Le cariche sociali non comportano alcuna retribuzione. Possono essere
corrisposti solo rimborsi delle spese effettivamente sostenute entro i limiti
preventivamente stabiliti secondo le leggi vigenti e deliberati dagli organismi
sociali competenti.
Art. 7
L'Assemblea dei soci può essere ordinaria e straordinaria; essa potrà essere
convocata e potrà riunirsi anche in luogo diverso da quello della sede sociale.
Hanno diritto di partecipare all'assemblea tutti i soci, purchè in regola con
il pagamento della quota sociale.
L'assemblea ordinaria ha il compito:
a) di fissare le direttive di massima per le attività del Foro Contadino;
b) di approvare i rendiconti e/o i bilanci annuali consuntivi e preventivi;
c) di eleggere il Consiglio direttivo;
d) di eleggere il Collegio dei Revisori dei Conti.
L'assemblea ordinaria deve essere tenuta almeno una volta all'anno.
L'Assemblea Straordinaria ha competenza sulle seguenti materie:
a) modifiche del presente Statuto
b) scioglimento dell'Associazione.
Le convocazioni dell'Assemblea sono fatte mediante affissione della
convocazione in tutte le sedi dell'Associazione con almeno venti giorni di
anticipo dalla data di convocazione e con comunicazione scritta, anche per
posta elettronica.
In caso di urgenza è data facoltà al Presidente di convocare l'Assemblea con
una settimana di anticipo, purchè provveda a darne la massima e certa
informazione ai soci.
Le delibere dell'assemblea obbligano conformemente tutti i soci.
L'assemblea può essere convocata anche da un terzo dei soci, in questo caso
l'ordine del giorno sarà quello stabilito dal documento di convocazione, che i
soci avranno firmato e il Presidente verrà eletto dall'Assemblea stessa in
deroga a quanto previsto dall'Art. 8 del presente Statuto.
L'Assemblea ordinaria è legalmente costituita in prima convocazione con la
presenza del cinquanta per cento più uno dei soci; in seconda convocazione
qualunque sia il numero dei partecipanti.
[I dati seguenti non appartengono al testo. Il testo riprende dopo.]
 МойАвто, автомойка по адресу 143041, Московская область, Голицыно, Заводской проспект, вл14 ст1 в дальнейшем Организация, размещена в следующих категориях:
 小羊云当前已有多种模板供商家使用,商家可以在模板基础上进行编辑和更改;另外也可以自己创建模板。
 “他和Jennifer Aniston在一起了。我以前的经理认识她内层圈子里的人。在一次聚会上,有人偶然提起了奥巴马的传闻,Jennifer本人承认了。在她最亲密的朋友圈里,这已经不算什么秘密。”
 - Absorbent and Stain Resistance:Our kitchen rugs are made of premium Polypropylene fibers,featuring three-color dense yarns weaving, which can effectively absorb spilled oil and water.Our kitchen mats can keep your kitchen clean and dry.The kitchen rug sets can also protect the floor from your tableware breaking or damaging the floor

Le deliberazioni sono prese con le
maggioranze previste dalla legge.
L'Assemblea straordinaria è legalmente costituita e delibera validamente con le
presenze e le maggioranze previste dal Codice Civile e dalla Legge.
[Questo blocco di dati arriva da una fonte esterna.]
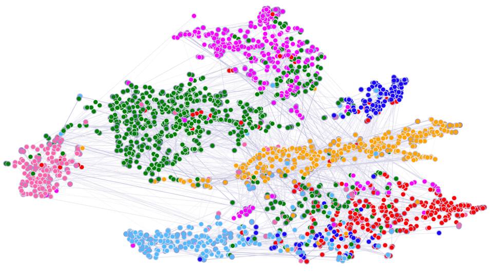 图 2. 在 Cora 数据集上对一个预训练的 GAT 模型的第一个隐藏层的计算特征表示的 t-SNE 图。节点颜色表示类别。边的粗细表示节点 i 和 j 之间的聚合归一化注意系数,由所有 8 个注意头计算得出:
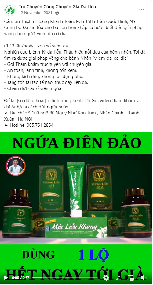 Theo đó, tại link https://www.facebook.com/Tr%C3%B2-Chuy%E1%BB%87n-C%C3%B9ng-Chuy%C3%AAn-Gia-Da-Li%E1%BB%85u-111701341313305 - Facebook Page “Trò Chuyện Cùng Chuyên Gia Da Liễu” đã giới thiệu sản phẩm TPBVSK Vương Liễu số 1 có thể “xóa xổ viêm da”, là “giải pháp vàng cho người viêm da cơ địa”.
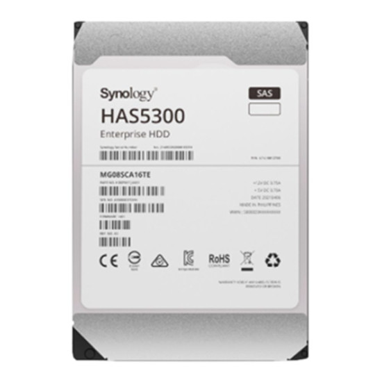 Engineered for top performance and reliability, the 12TB HAS5300 SAS-3 3.5" Internal Enterprise HDD from Synology has been designed to integrate with DSM and Synology hardware to delive improved performance in enterprise deployments. The HAS5300 has passed 200,000 hours of testing on Synology hardware, has a Mean Time to Failure (MTTF) rating of 2.5 million hours, and a yearly workload rating of 550TB. Also featured is a storage capacity of 12TB, a SAS-3 12 Gb/s interface, a 256MB cache, and a rotational speed of 7200 rpm, all of which help to ensure uninterrupted data transfers with sustained speeds of up to 254 MB/s.
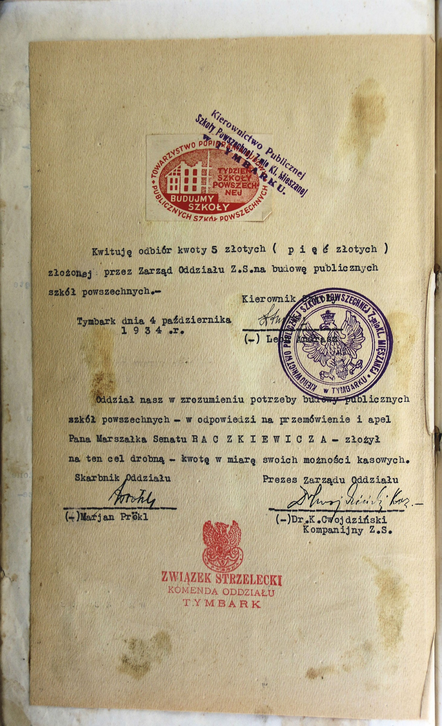 Kronika Oddziału Związku Strzeleckiego Tymbark
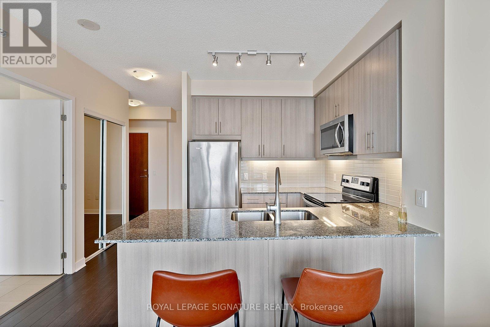 Spacious and sun-filled One-Bedroom + Den with parking and locker in the sought-after Grand Park Condos - located conveniently just off of Burnhamthorpe Road in Mississauga's city centre. This unit features 9-ft ceilings, an efficient floor plan of670-sf in total, and a spacious kitchen with full-size S/S appliances and island with breakfast bar, Enjoy unobstructed east city views during the day and bright city light at night. The building offer fantastic amenities which include an exercise room, indoor pool, guest suites, and party and dining rooms, plus an outdoor terrace with BBQ and more. An incredibly convenient location with everything at your doorstep! Steps, literally, to transit, parks, Shoppers, Winners, Starbucks, restaurants, and T&T Supermarket. Just minutes to Square One Shopping Centre, Whole Foods, University of Toronto Mississauga, Sheridan College, libraries, Celebration Square, YMCA, Living Arts Centre, GO Transit, and Highways 401/403/QEW. A versatile unit suitable for first-time buyers and investors. Be a part of this vibrant community! (id:4555)
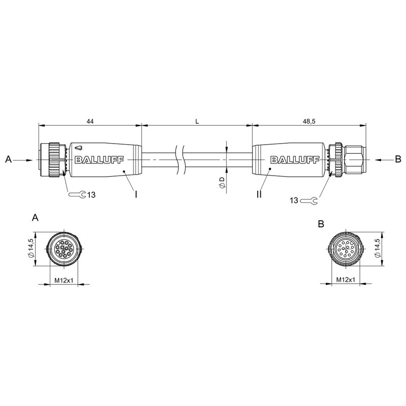 Connecteur / Câble de raccordement; Type: Câble de connexion, M12 x 1 / M12 x 1; Raccordement A: Connecteur M12, femelle, droit, 12 pôles, codé-A; Raccordement B: Connecteur M12, mâle, droit, 12 pôles, codé-A; Câble de liaison: Câble PUR, 0.30 m, 12 fils (12 x 0.25 mm²); Compatible chaîne porte-câble: Oui (2 MM); Courant nominal (40 °C): 1.5 A; Tension d'emploi Ub: 30 VDC / 30 VAC; Classe de protection: IP68/IP68; Température ambiante: -25…80 °C; Température de câble, chaîne porte-câble: -25…60 °C; Température de câble, pose fixe: -50…80 °C; Température de câble, pose flexible: -25…80 °C
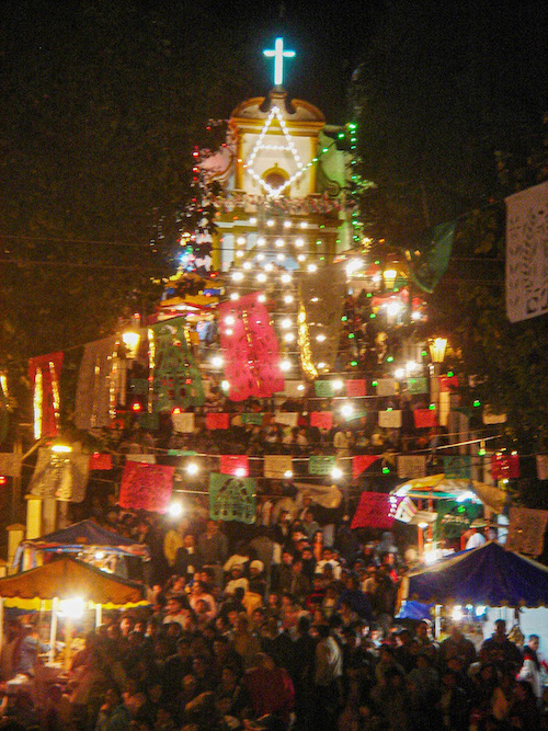 San Cristobal de las Casas We arrived in the city at 6pm, we’d been wary of driving after sunset on unknown roads and had been warned it wasn’t a good idea as there’s no road lighting so we were a little nervous; we were relieved pulling in to town… dark and very cold. We quickly found a hotel to stay at for 2 nights; £17 a night a double room…bargain apart from the very lumpy pillows. The 4 of us headed out to explore the city to find that it was in full swing for the Guadalupe festival which San Cristobal appears to be one of the main gathering points for; one of the main churches of the Guadalupe is based here. It was a great introduction as the city was in full on festival mood, loud rockets being fired in to the sky, streets hung with flags and crowded with food stalls and street vendors, a big wheel which none of us fancied our chances on…too wobbly. The atmosphere was amazing. The streets were crowded with people; city dwellers and people who’d travelled from their homes in the mountains. The church of Guadalupe is based at the top of a hill reached by a long street which culminates in a set of steep steps. It was lit up and the steps were packed with people carrying flowers to decorate the inside of the church. Our timing of arrival was perfect; we never expected to witness a major Mexican festival and it has left us with amazing memories.
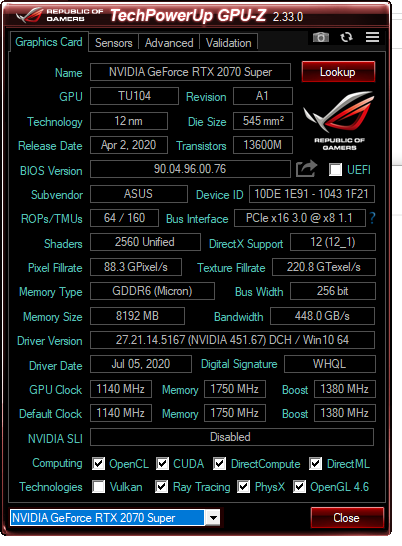 Beim Schritt vom Performance zum Turbo Mode erhöhen sich GPU- und Speichertakt nur marginal, von 1.590 auf 1.650 MHz (GPU) und von 1.750 auf 1.788 MHz (Speicher). Gleichzeitig drehen die Lüfter von ca. 5.600 RPM auf stolze 6.500 RPM auf.
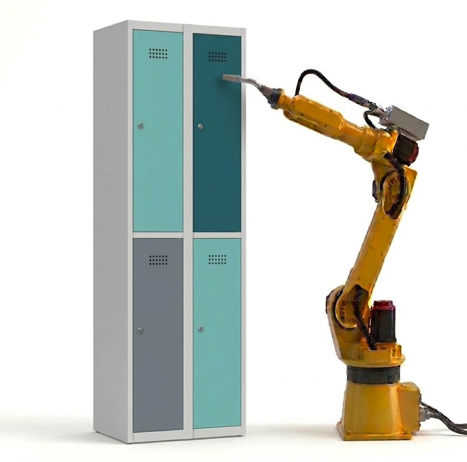 Tato kovová šatní skříňka je dodávána ve zcela smontovaném stavu, což vám ušetří drahocenný čas i starosti s instalací. Její korpus je strojově svařovaný, což zaručuje absolutní geometrickou přesnost, extrémní tuhost a maximální nosnost. Na rozdíl od skříněk v demontu u ní nehrozí postupné povolování spojů, a to ani při každodenním náročném používání. Skříňku stačí po doručení pouze umístit na požadované místo a je okamžitě připravena k provozu.

Hanno diritto di voto tutti i soci in regola con il versamento delle quote
sociali.
Le votazioni nelle assemblee hanno luogo con voto palese.
Nel caso di radiazione di un socio le votazioni avranno luogo per scheda
segreta.
Si procede al voto segreto quando ne faccia richiesta un terzo dei partecipanti
con diritto di voto o, quando richiesto dal Presidente, la maggioranza
dell'Assemblea ne decidesse la modalità.
E' ammessa una delega per ogni socio presente all'assemblea.
Art. 8
Il Consiglio Direttivo è l'organo rappresentativo del Foro Contadino. E'
composto di un numero di componenti variabile da cinque a novanta, è eletto
dall'Assemblea generale dei soci e rimane in carica per due anni.
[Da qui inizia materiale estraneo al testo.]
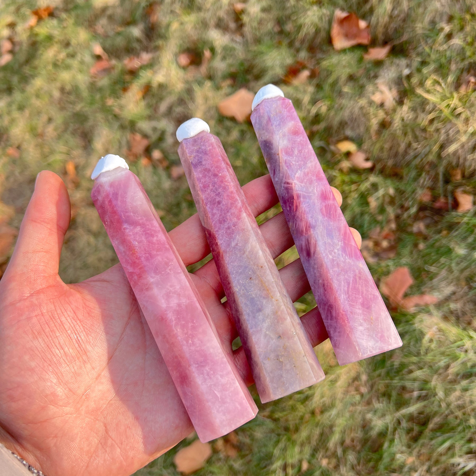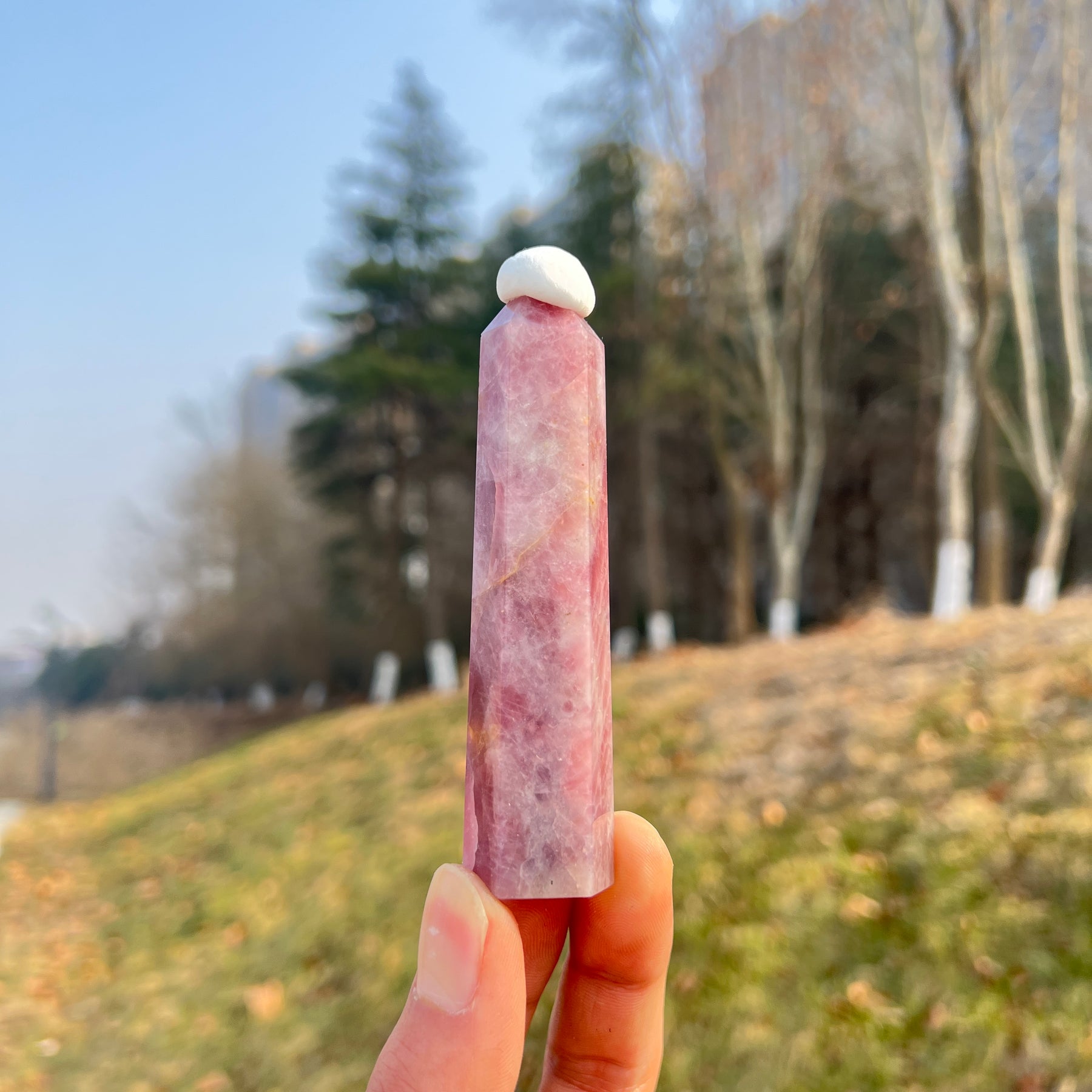 🌟Features:These striking pieces are crafted from natural Purple Rose Quartz—a mineral with a soft, lavender-pink hue and subtle, wavy white inclusions, like a fragment of a twilight garden captured in stone 🌷. They are shaped into tall, hexagonal points with a sharp, faceted tip, topped with a delicate white resin cap, creating a powerful display piece that fits comfortably in the palm.This design blends gentle warmth with intentional energy: the sharp tip evokes the clarity to move forward with purpose, while the quartz’s lavender hues mirror the harmony of nurturing self-love and heartfelt connection.
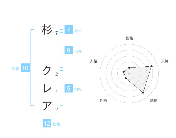 杉 クレアさんの総格は12画の1点!
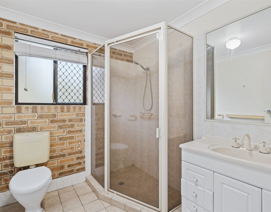 – Main bathroom with dual basin vanity, shower, bath and separate toilet
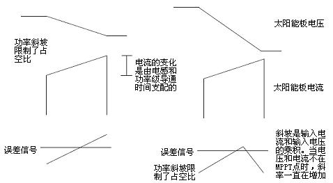 為了從功率可變的電源(即太陽能電池板)析取出最大的功率,太陽能控制器必須采用MPPT。MPPT必須首先找到最大功率點(diǎn)并及時(shí)調(diào)整環(huán)境條件,以保持控制器接近最大功率點(diǎn)。動(dòng)態(tài)MPPT用在系統(tǒng)發(fā)生改變的情況下。由于每個(gè)開關(guān)周期都在發(fā)生變化,太陽能電池板汲取的功率也會(huì)在每個(gè)周期有明顯的改變。動(dòng)態(tài)MPPT利用太陽能電池板的電壓驟降乘以每個(gè)開關(guān)周期增加的電流,以確定將要產(chǎn)生的誤差信號來調(diào)節(jié)占空比。動(dòng)態(tài)響應(yīng)可檢測IV曲線的斜率,從而建立一個(gè)功率斜坡,從誤差信號相交點(diǎn)建立一個(gè)代表占空比的功率。當(dāng)斜坡變化斜率從正到負(fù)時(shí)該周期結(jié)束,如圖2所示。
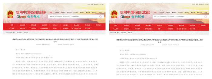 公示曝光典型案例,让严违失信无处遁形。通过信用中国(四川成都)网站,对禁止谭书林、谭诗安终身从事食品生产经营管理工作和担任食品生产经营企业食品安全管理人员进行公示曝光,形成对违法失信行为的有力震慑。
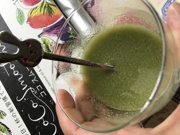 緑のパウダーなのでこれだけ見ると、苦そうなイメージになるかも知れませんが、香りの効果ってすごいですね!
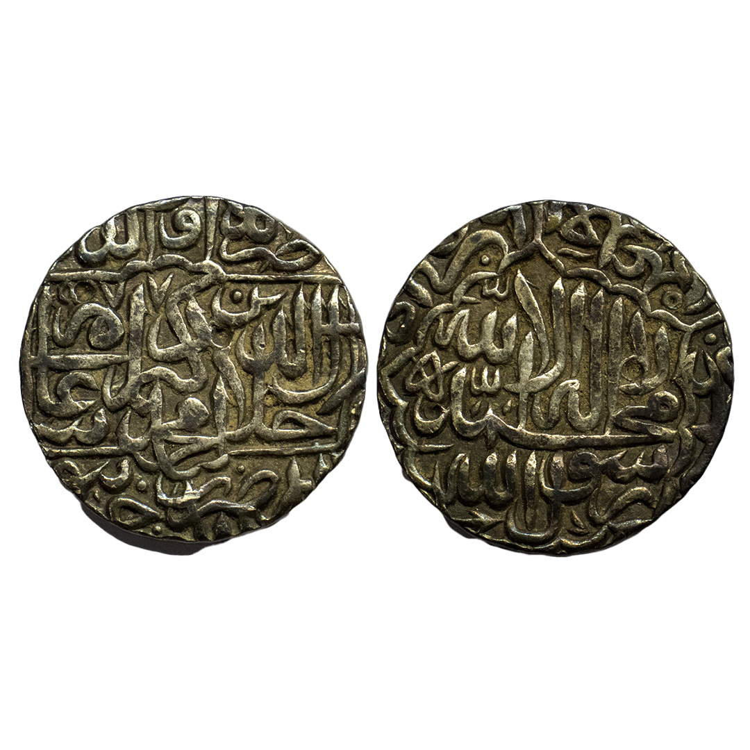 Mughal, Akbar (AH 963-1014, 1556-1605 AD), Silver Rupee, 11.39 gms, Ahmedabad Mint, Ilahi Month Mihir, Year 47, ornamental border on both sides, KM # 94.2, very fine+, very rare in this flan size and central strike.
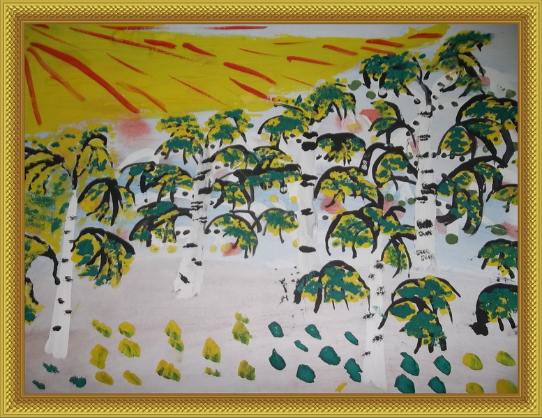 Второе место -Осень в берёзовой роще Ушакова Виктория, педагог Долгова Ольга Николаевна. Дворец детского (юношеского) творчества, Ленинградская область, п. Бугры

Il Consiglio Direttivo Nazionale redige ed approva il regolamento interno
dell'Associazione.
Il Consiglio Direttivo Nazionale ha il compito di rappresentare e dirige
l'Associazione, ne esegue e interpreta le indicazioni scaturite dall'Assemblea
dei soci, si assume la responsabilità di esprimere posizioni ufficiali per
l'Associazione ogni qual volta l'urgenza lo richieda.
Il Consiglio Direttivo Nazionale elegge al suo interno un Presidente, un Organo
Esecutivo composto da otto componenti ricercati al suo interno e un Tesoriere.
Il Consiglio Direttivo Nazionale si riunisce di norma ogni quattro mesi su
convocazione scritta del Presidente; può essere convocato da almeno un terzo
dei suoi componenti.
La qualità di membro del Consiglio Direttivo Nazionale è incompatibile con
attività o funzioni svolte dal membro stesso quando esse interferiscano in
concreto con gli scopi del Foro Contadino o con le norme sancite dalle leggi
comunitarie o nazionali.
L'incompatibilità viene dichiarata dal Consiglio Direttivo Nazionale; nel caso
che nel corso dell'anno dovesse venire a mancare uno più consiglieri fino ad un
numero massimo di un terzo dei componenti, il Consiglio procede alla loro
sostituzione per cooptazione.
Tali componenti restano in carica fino alla prima assemblea dei soci, ove
debbono essere ratificati, pena la decadenza.
Ove venisse a mancare più di un terzo dei consiglieri il Presidente provvede a
convocare l'Assemblea dei soci per l'elezione dei nuovi consiglieri.
E' fatto obbligo ai consiglieri di partecipare alle sedute del Consiglio. Il
Consigliere che non dovesse partecipare a più della metà delle riunioni perde
la facoltà di essere rieletto nel Consiglio successivo.
Se un Consigliere non partecipa a tre riunioni consecutive del Consiglio senza
giustificato motivo, viene dichiarato dimissionario dal Consiglio Direttivo
Nazionale.
Per la validità delle deliberazioni del Consiglio è richiesta la presenza di un
terzo dei componenti; le deliberazioni sono assunte a maggioranza dei presenti
e, in caso di parità, prevale il voto del Presidente.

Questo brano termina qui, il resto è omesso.